I recently returned from more than three weeks on the road visiting seven prospects, meeting three customers, giving Grand Rounds at the FDA, meeting with four growth equity investors, and speaking three times at conferences for the pharmaceutical and biotechnology industries. Between trips I spent quite a bit of time with my only grandson in Washington, DC.
A chance to get away is always refreshing since it represents a concentrated opportunity to present our value proposition and receive immediate feedback. When I am working at the office in Salt Lake City it is too easy to talk among ourselves and devise a solution to a problem that may not even exist.
Over the next few days I’d like to share some of my takeaways and observations from my recent road trip that might be insightful for others.
REGISTRIES STILL NOT CLEARLY DEFINED AND UNDERSTOOD
I met several high-level prospects who do not understand what the term “registry” means. When I say a registry is a “purpose-specific database” that is more enlightening but still not universally understood. As a result of this ambiguity, it seems many people believe “registry” is the term often used for a simple list of four or five characteristics of each patient. Yet, it is also used to describe a complex aggregation of data from 30 sources that represent a complete longitudinal picture of a research subject over a long period of time.

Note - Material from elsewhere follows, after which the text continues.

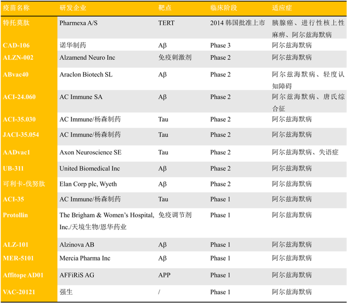 表1. 部分临床在研的AD疫苗

The situation reminds me of when I first started with Oracle, in 1982. In those days the term “relational database” was equally ill defined and therefore ill understood. My initial customers had trouble understanding why Oracle and Dbase were both relational databases even though one cost $1,000 and the other cost $100,000. We tried arguing the point that Oracle was “really relational,” or that we met Codd’s definition of relational but no one cared about that. The only people who really appreciated the difference were the customers who opted for Dbase, spent more than $100,000 trying to get it to work and then ended up scrapping the project and spending another $100,000 to purchase Oracle.
I wonder how long it will take our industry to understand the difference between a toy registry like Excel and a real registry from Remedy Informatics?